* [Records provided]
● ● ● ● ●
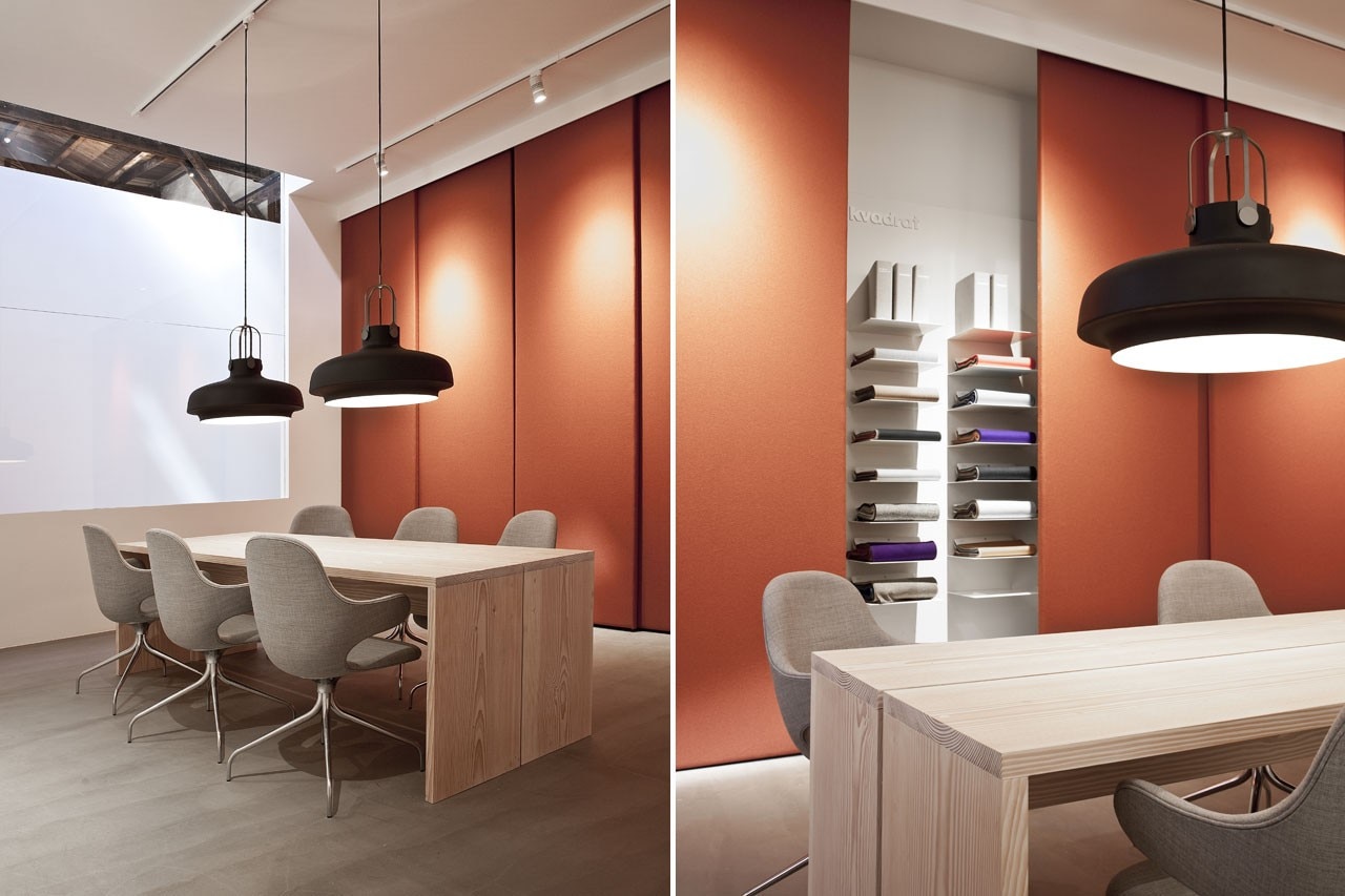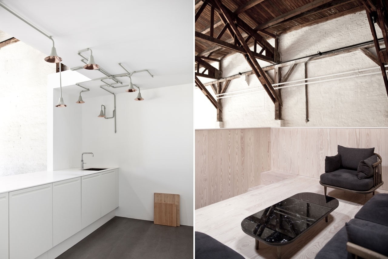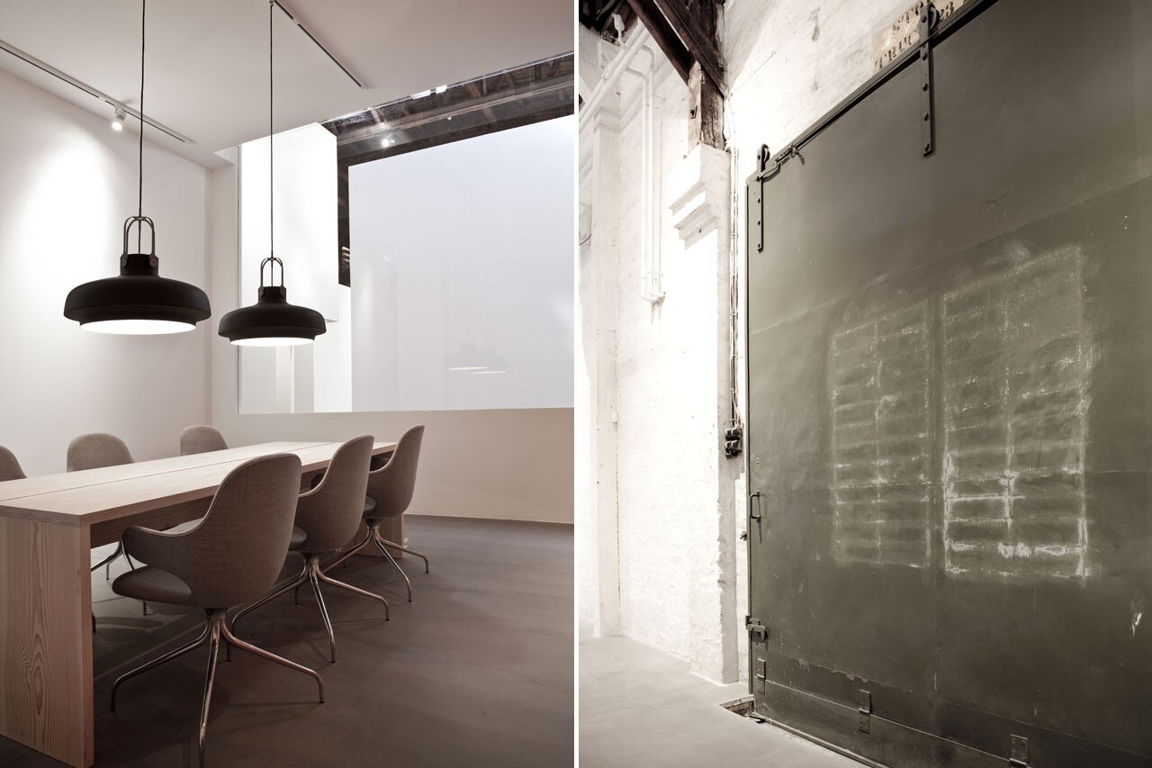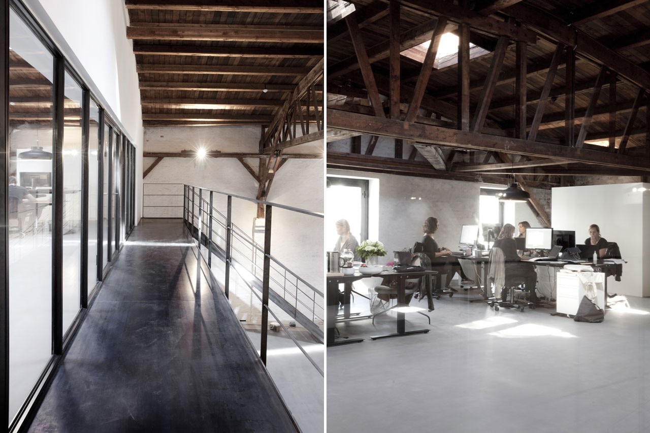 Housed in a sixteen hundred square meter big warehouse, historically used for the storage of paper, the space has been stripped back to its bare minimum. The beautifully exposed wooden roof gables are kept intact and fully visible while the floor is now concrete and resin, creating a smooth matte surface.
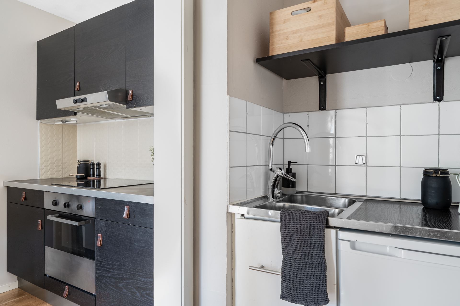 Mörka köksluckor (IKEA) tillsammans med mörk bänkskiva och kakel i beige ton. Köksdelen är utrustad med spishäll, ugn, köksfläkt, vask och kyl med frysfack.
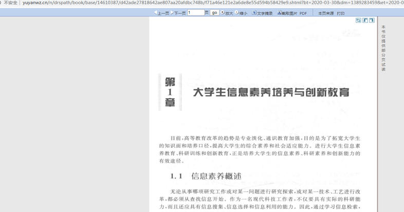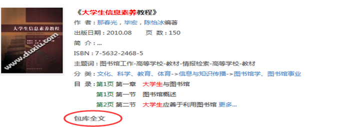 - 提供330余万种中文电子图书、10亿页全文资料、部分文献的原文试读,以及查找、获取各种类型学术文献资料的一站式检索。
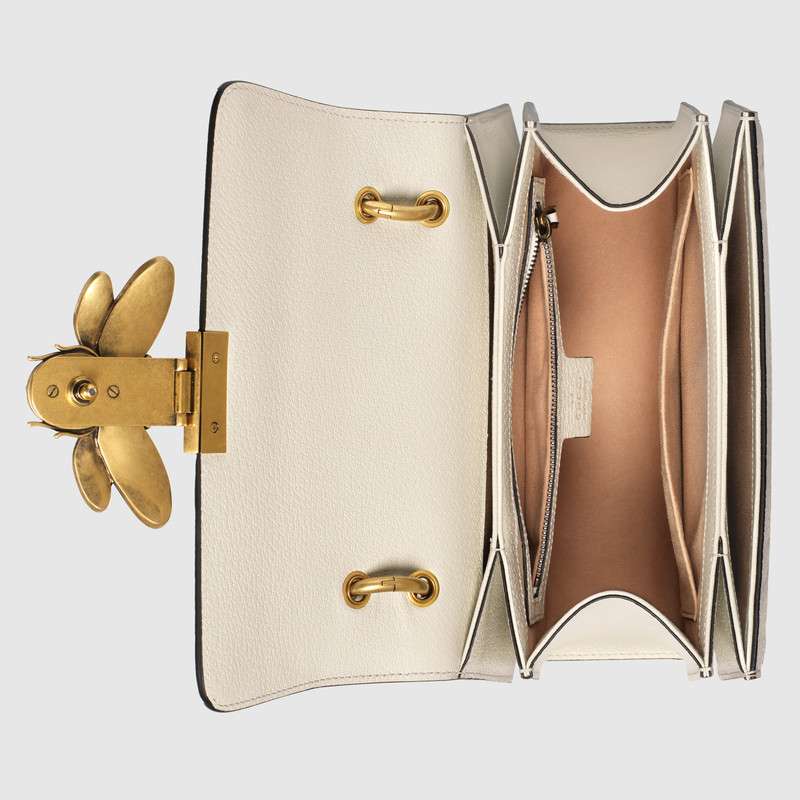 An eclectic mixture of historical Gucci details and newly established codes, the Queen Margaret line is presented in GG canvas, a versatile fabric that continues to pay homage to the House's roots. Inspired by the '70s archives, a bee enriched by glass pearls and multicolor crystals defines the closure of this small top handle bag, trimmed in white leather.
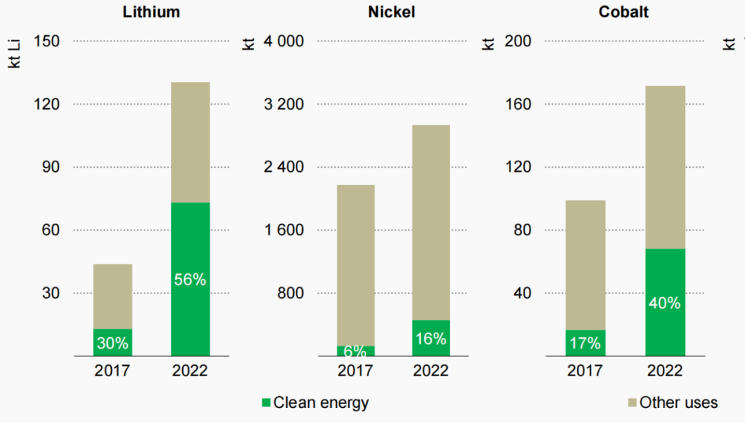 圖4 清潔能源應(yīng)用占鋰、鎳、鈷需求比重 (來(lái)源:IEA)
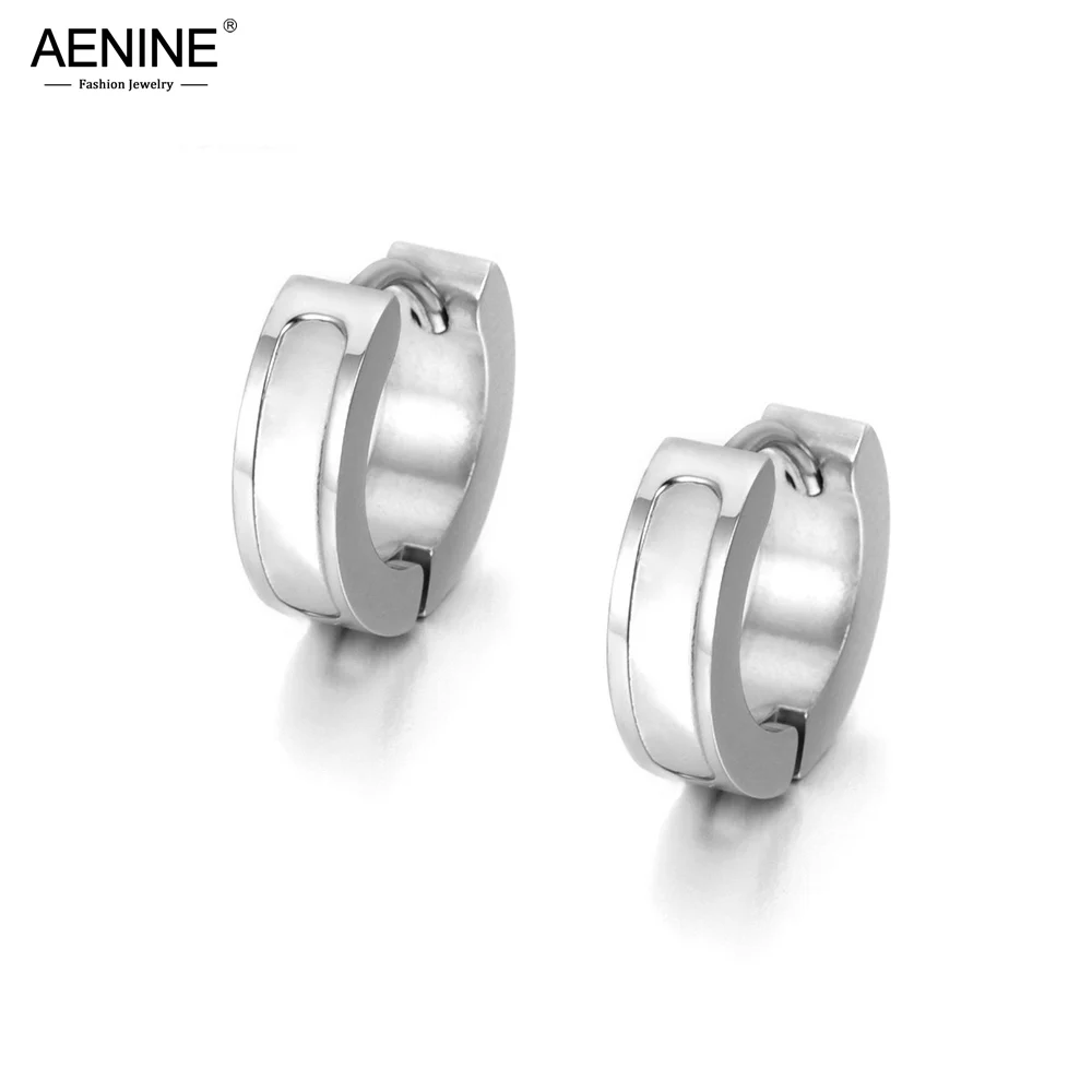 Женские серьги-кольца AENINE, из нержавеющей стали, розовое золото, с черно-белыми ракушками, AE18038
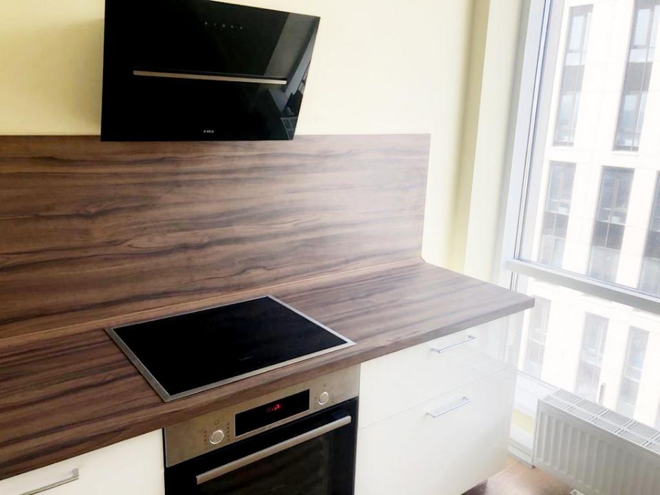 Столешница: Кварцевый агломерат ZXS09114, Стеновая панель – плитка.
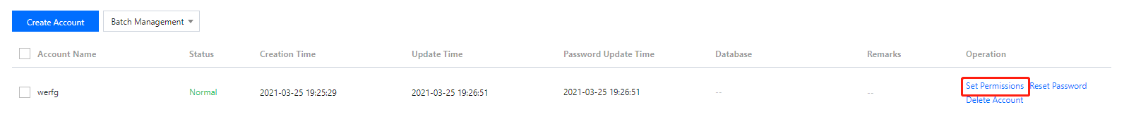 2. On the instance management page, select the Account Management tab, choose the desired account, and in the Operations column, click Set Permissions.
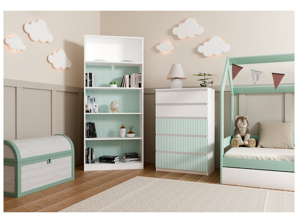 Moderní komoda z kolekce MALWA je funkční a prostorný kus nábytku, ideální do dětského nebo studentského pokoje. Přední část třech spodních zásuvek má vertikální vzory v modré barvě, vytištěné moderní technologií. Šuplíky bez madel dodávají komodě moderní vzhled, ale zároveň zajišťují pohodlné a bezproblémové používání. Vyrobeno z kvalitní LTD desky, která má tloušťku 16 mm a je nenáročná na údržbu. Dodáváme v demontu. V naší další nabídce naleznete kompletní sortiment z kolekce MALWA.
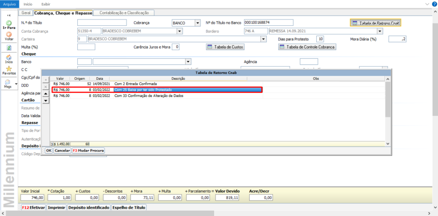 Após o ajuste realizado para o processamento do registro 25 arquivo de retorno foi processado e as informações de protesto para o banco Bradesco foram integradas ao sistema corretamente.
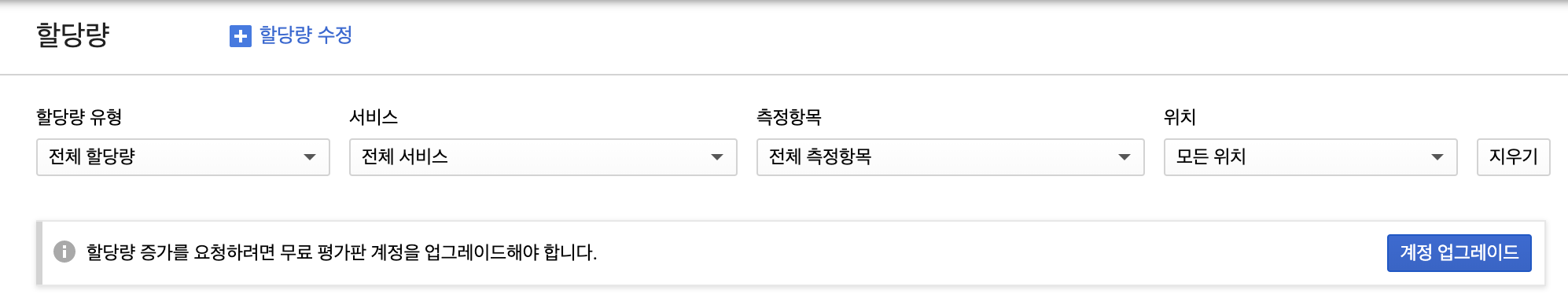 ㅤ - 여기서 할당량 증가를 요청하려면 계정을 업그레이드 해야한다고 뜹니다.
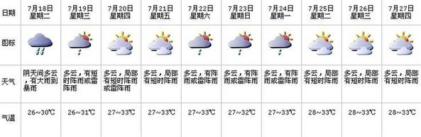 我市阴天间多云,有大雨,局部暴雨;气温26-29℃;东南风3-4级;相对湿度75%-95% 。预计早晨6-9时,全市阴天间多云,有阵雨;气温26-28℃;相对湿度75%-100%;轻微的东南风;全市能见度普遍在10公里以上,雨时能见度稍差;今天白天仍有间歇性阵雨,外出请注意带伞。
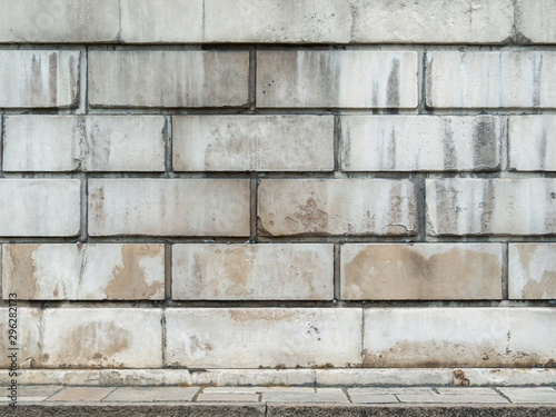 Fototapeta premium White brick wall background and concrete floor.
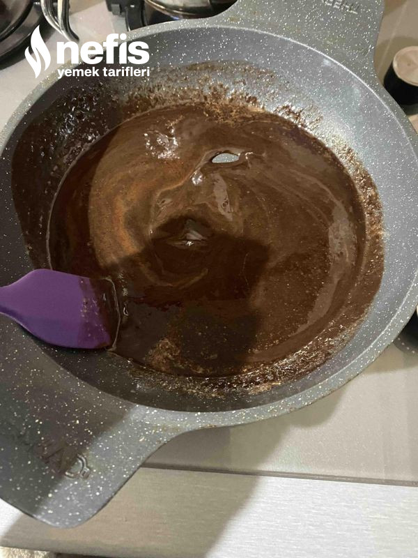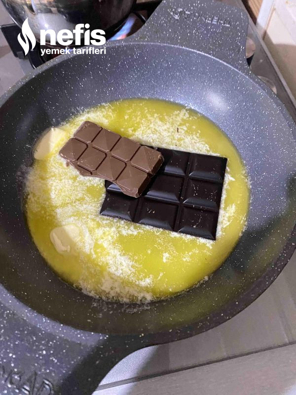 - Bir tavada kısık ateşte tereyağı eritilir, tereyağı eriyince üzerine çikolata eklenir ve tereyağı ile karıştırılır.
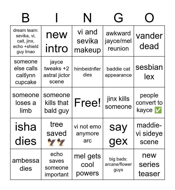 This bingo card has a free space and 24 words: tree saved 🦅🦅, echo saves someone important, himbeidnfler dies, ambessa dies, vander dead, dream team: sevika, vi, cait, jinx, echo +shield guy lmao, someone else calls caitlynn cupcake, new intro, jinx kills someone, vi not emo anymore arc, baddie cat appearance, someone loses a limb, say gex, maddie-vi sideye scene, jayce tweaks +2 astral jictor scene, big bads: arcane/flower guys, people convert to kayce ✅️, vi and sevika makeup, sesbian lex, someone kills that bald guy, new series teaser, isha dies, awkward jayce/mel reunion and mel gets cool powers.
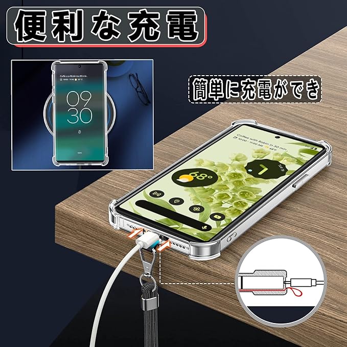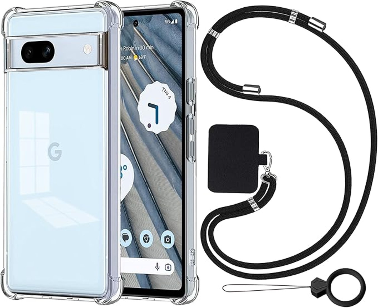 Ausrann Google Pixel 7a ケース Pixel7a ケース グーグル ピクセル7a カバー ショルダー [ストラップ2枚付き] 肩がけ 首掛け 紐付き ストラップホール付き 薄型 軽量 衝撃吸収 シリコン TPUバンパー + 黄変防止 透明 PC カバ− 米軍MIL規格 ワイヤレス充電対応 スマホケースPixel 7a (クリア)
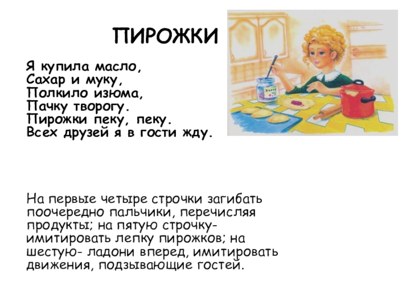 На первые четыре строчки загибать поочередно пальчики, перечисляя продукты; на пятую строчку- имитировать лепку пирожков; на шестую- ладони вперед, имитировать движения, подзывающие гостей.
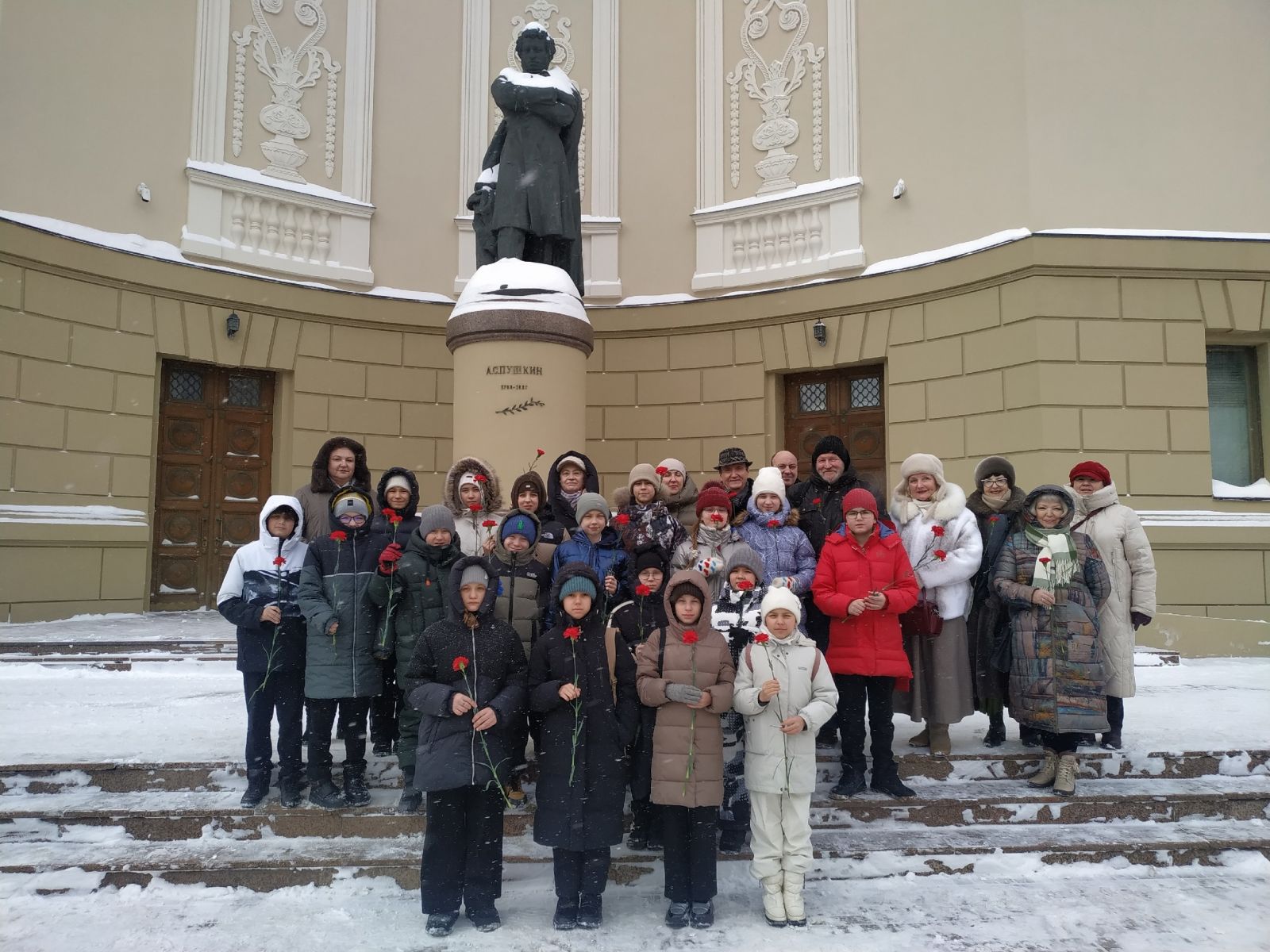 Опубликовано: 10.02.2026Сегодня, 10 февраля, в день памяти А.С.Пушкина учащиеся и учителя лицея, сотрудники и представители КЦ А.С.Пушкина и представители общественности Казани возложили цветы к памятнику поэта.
● ● ● ● ●
* [Work to complete] Print, exactly and with no pictures, the lines of the listing above starting at the one that has "Столешница: Кварцевый агломерат" and ending at the one that has "Ausrann Google Pixel", both included.

* [Task solution]
 Столешница: Кварцевый агломерат ZXS09114, Стеновая панель – плитка.
 2. On the instance management page, select the Account Management tab, choose the desired account, and in the Operations column, click Set Permissions.
 Moderní komoda z kolekce MALWA je funkční a prostorný kus nábytku, ideální do dětského nebo studentského pokoje. Přední část třech spodních zásuvek má vertikální vzory v modré barvě, vytištěné moderní technologií. Šuplíky bez madel dodávají komodě moderní vzhled, ale zároveň zajišťují pohodlné a bezproblémové používání. Vyrobeno z kvalitní LTD desky, která má tloušťku 16 mm a je nenáročná na údržbu. Dodáváme v demontu. V naší další nabídce naleznete kompletní sortiment z kolekce MALWA.
 Após o ajuste realizado para o processamento do registro 25 arquivo de retorno foi processado e as informações de protesto para o banco Bradesco foram integradas ao sistema corretamente.
 ㅤ - 여기서 할당량 증가를 요청하려면 계정을 업그레이드 해야한다고 뜹니다.
 我市阴天间多云,有大雨,局部暴雨;气温26-29℃;东南风3-4级;相对湿度75%-95% 。预计早晨6-9时,全市阴天间多云,有阵雨;气温26-28℃;相对湿度75%-100%;轻微的东南风;全市能见度普遍在10公里以上,雨时能见度稍差;今天白天仍有间歇性阵雨,外出请注意带伞。
 Fototapeta premium White brick wall background and concrete floor.
 - Bir tavada kısık ateşte tereyağı eritilir, tereyağı eriyince üzerine çikolata eklenir ve tereyağı ile karıştırılır.
 This bingo card has a free space and 24 words: tree saved 🦅🦅, echo saves someone important, himbeidnfler dies, ambessa dies, vander dead, dream team: sevika, vi, cait, jinx, echo +shield guy lmao, someone else calls caitlynn cupcake, new intro, jinx kills someone, vi not emo anymore arc, baddie cat appearance, someone loses a limb, say gex, maddie-vi sideye scene, jayce tweaks +2 astral jictor scene, big bads: arcane/flower guys, people convert to kayce ✅️, vi and sevika makeup, sesbian lex, someone kills that bald guy, new series teaser, isha dies, awkward jayce/mel reunion and mel gets cool powers.
 Ausrann Google Pixel 7a ケース Pixel7a ケース グーグル ピクセル7a カバー ショルダー [ストラップ2枚付き] 肩がけ 首掛け 紐付き ストラップホール付き 薄型 軽量 衝撃吸収 シリコン TPUバンパー + 黄変防止 透明 PC カバ− 米軍MIL規格 ワイヤレス充電対応 スマホケースPixel 7a (クリア)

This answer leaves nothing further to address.